本 Notebook 的目标是演示使用 因果自适应约束最小化 (CACM) (https://arxiv.org/abs/2206.07837) [1] 进行因果预测的示例。

多属性分布偏移数据集#

域泛化文献主要关注那些在一个属性上仅具有一种分布偏移的数据集。以 MNIST 为例，可以通过增加旋转等虚假属性的新值来创建域（例如，Rotated-MNIST 数据集 [2]），或者域在类别标签和颜色等虚假属性之间表现出不同的相关值（例如，Colored-MNIST [3]）。然而，现实世界的数据通常在不同属性上具有多种分布偏移。例如，卫星图像数据既表现出随时间变化的分布偏移，也表现出随区域变化的分布偏移。

多属性 MNIST#

我们创建了一个 多属性 偏移的 MNIST 变体，其中数字的颜色和旋转角度都可以在数据分布中发生偏移。因此，我们创建了三种 MNIST 变体 – MNISTCausalAttribute (单属性偏移)、MNISTIndAttribute (单属性偏移)、MNISTCausalIndAttribute (多属性偏移)。为了更好地描述 Causal、Ind 和 CausalInd 数据集，请考虑下面的数据生成过程的因果图

main_fig_mnist.drawio.png

分布偏移的特征基于虚假属性 A 与分类标签 Y 之间的关系。 1. Causal：属性与类别标签具有直接的因果关系，即 Y 导致属性（例如，这里的颜色） 2. Ind：属性与类别标签独立（例如，这里的旋转） 3. CausalInd：与 Y 具有因果和独立关系的不同属性共存于数据中

多属性 MNIST 中的域#

我们描述了我们的 多属性 偏移数据集 MNISTCausalIndAttribute 的域。每个域 Ei 都有一个特定的旋转角度 ri 和一个特定的 颜色 C 与标签 Y 之间的相关性 corri。我们的设置包含 3 个域：E1、E2 是训练域，E3 是测试域。我们在 Ei 中定义 corri = P(Y = 1|C = 1) = P(Y = 0|C = 0)。在我们的设置中，r1 = 15◦, r2 = 60◦, r3 = 90◦，corr1 = 0.9, corr2 = 0.8, corr3 = 0.1。所有环境都有 25% 的标签噪声，如 [3] 中所示

其他与数据集相关的详细信息可以在 dowhy.causal_prediction.datasets 中找到。

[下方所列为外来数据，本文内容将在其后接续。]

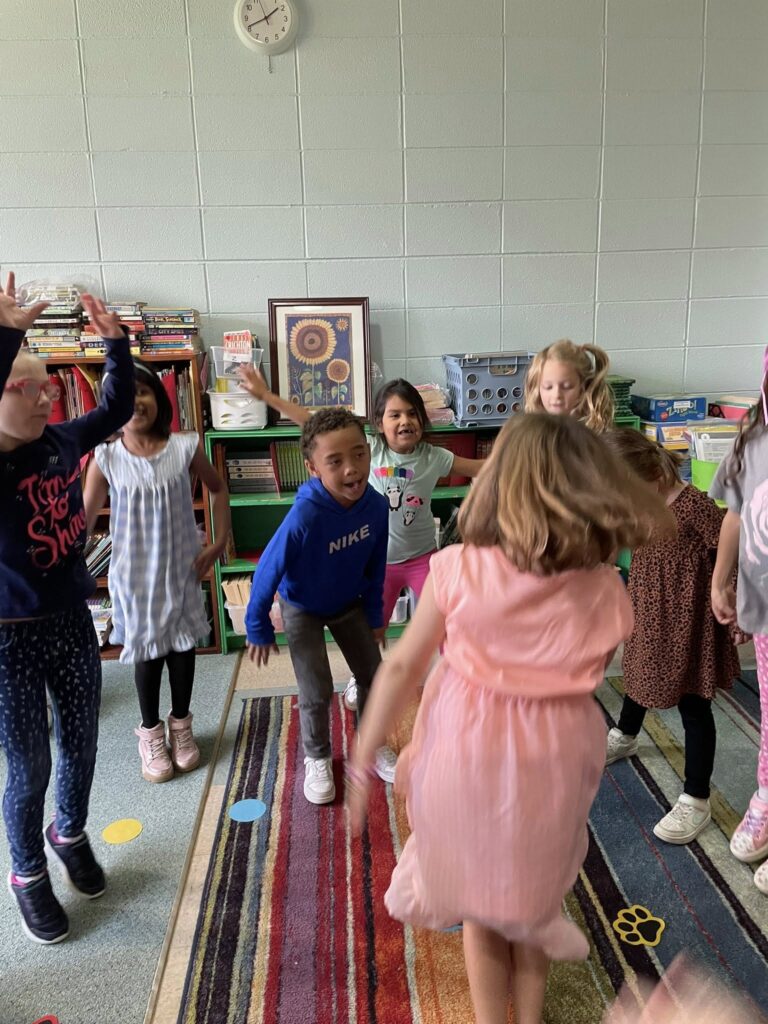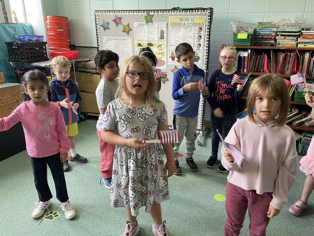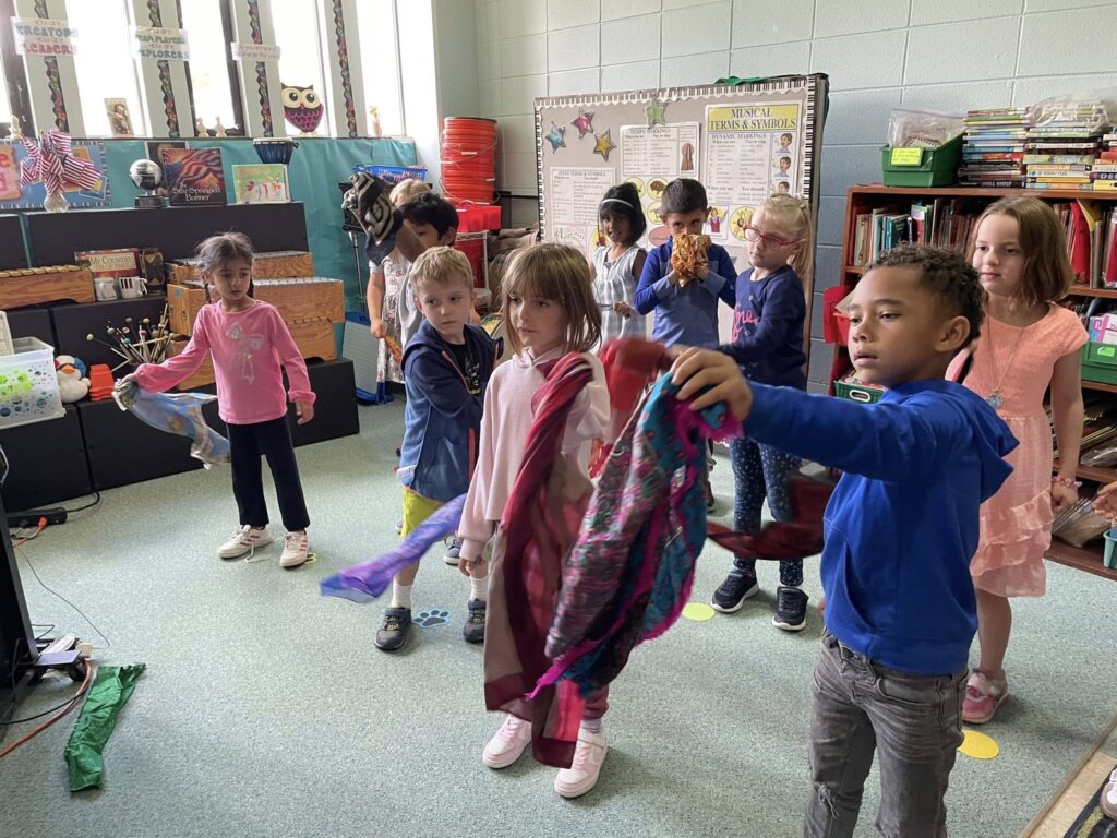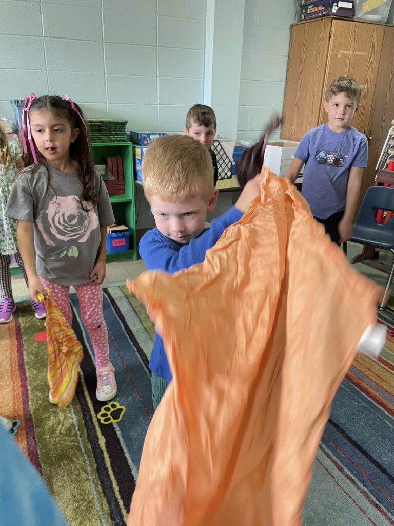 We are learning about the American flag and singing the Star Spangled Banner. Enjoyed a little Earth Wind and Fire while we used scarves to practice writing letters. Pizza Pizza Daddy O is a fun circle game!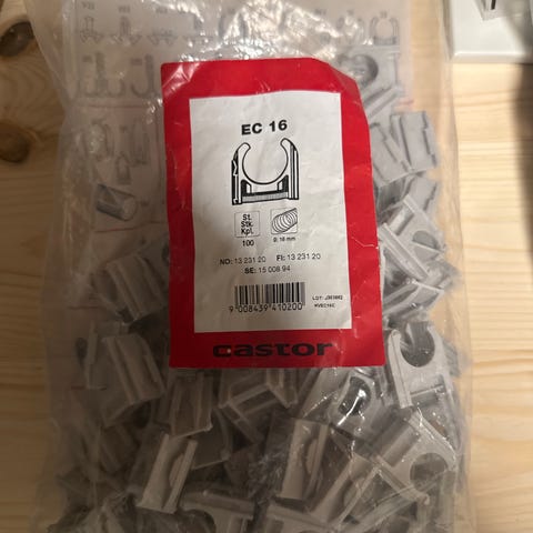 Rundt 95stk Castor EG 20 rørklips 20 mm i grå plast.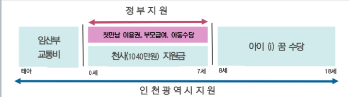 현재 정부와 지방자치단체가 매칭해 지원하는 부모급여, 아동수당, 초중고 교육비 등 7200만원에 인천시가 신설해 지원하는 2800만원을 더하면 총 1억원을 지원받을 수 있습니다.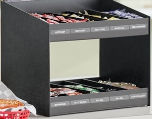 Removable dividers allow you to customize the number of condiment compartments to fit your needs. Plus, this organizer's classic black color helps conceal signs of wear and allows it to seamlessly complement your existing decor. Its smart, space-efficient design promotes a professional and orderly display.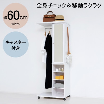 ミラー付ハンガーラック ワゴン ホワイト 62137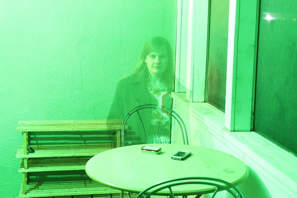 This room is green lighted and a table and two chair, two mobile phone on the table and in wall a shadow of a women |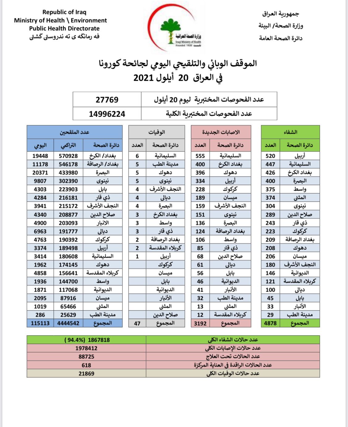 أعلنت وزارة الصحة، اليوم الاثنين، الموقف الوبائي اليومي لجائحة كورونا في عموم العراق.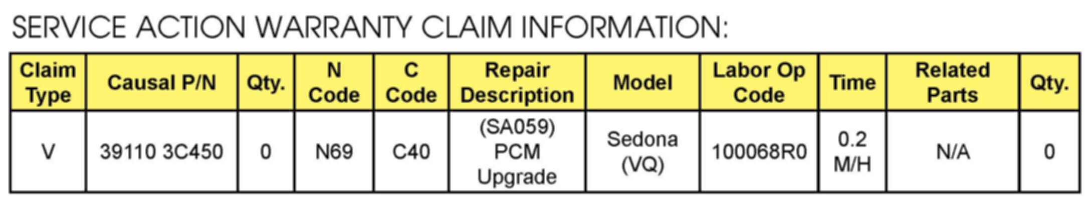 VIN Inquiry data for this repair is provided for tracking purposes only. Kia retailers should reference SA059 when accessing the WebDCS system.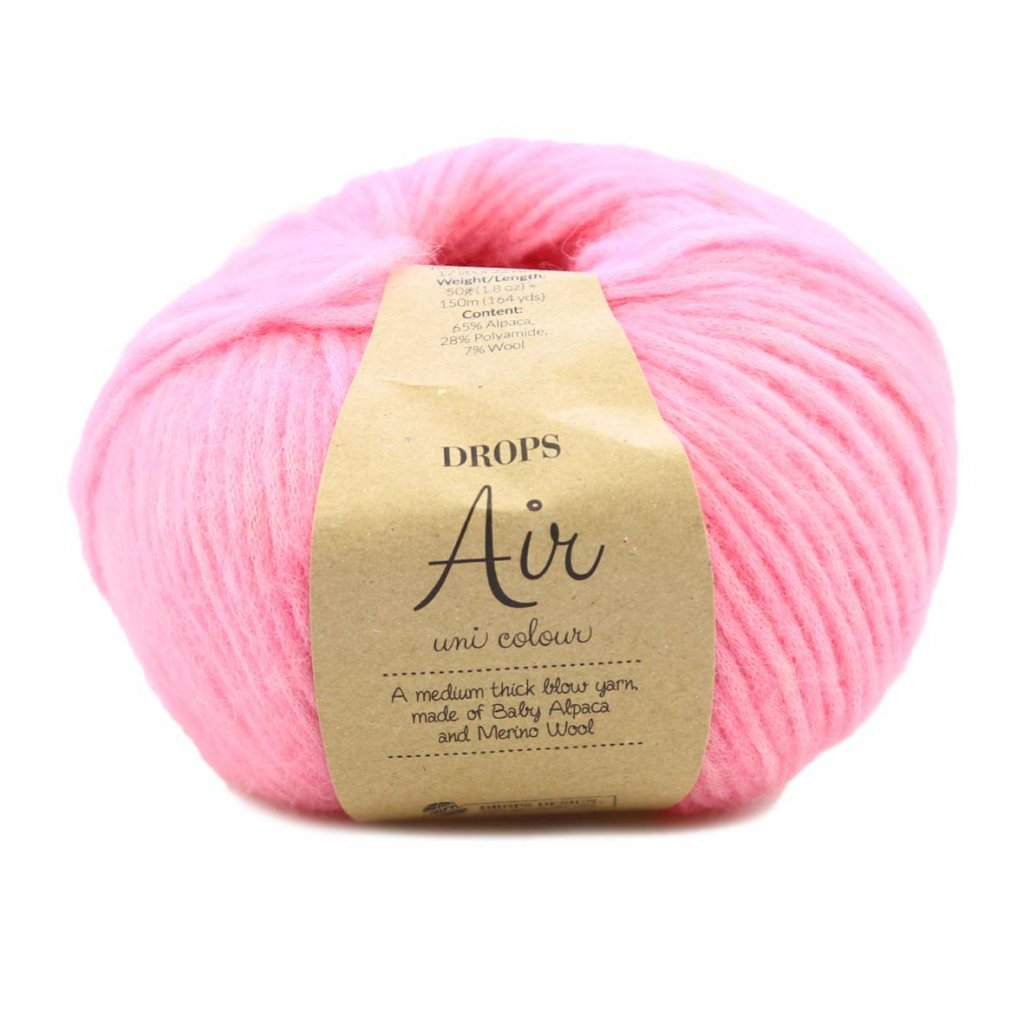 Drops Air je silná vzdušná příze ve složení jemná Baby Alpaka, Merino vlna a polyamid. Jedinečnost této příze je dána zpracováním, kdy jednotlivá vlákna nejsou tradičně skána, ale jsou vzduchem stlačena do dutinky. Díky tomu je výsledný úplet o 30 - 35 % lehčí než úplety z jiných, podobně silných přízí. Krásně vyniknou i plastické vzory.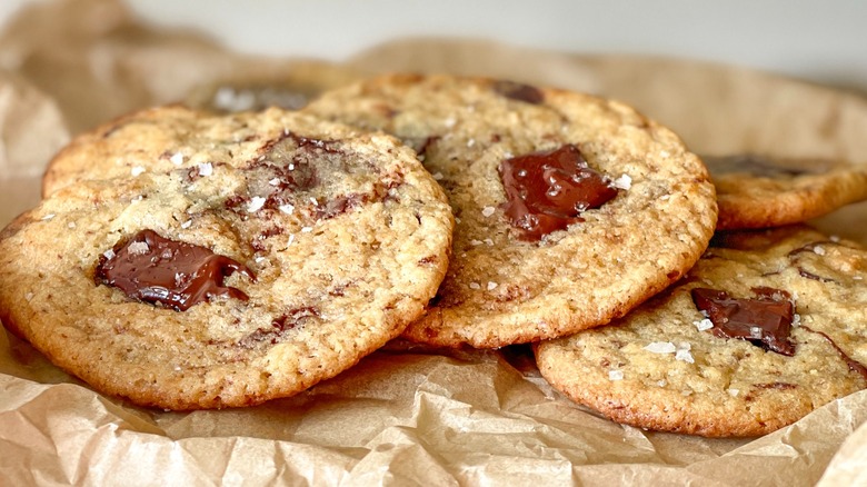 While standard chocolate chip cookies are a classic, there are many ways to upgrade them with new ingredients ranging from dried fruits to bacon bits to cayenne pepper. Recipe developer Kara Barrett, however, is going with a savory ingredient you don't see in a lot of cookie creations, making use of the Japanese fermented soybean paste known as miso. In fact, her cookies get a double dose of umami goodness, as she uses both white and brown miso.

MNIST_visualize.drawio%20%283%29.png

[1]:

import torch
import pytorch_lightning as pl

初始化数据集#

[2]:

from dowhy.causal_prediction.datasets.mnist import MNISTCausalAttribute

# dataset class initialization requires mandatory param `data_dir`
# `download` is passed to torchvision.datasets.MNIST and downloads data if not present
data_dir = 'data'
dataset = MNISTCausalAttribute(data_dir, download=True)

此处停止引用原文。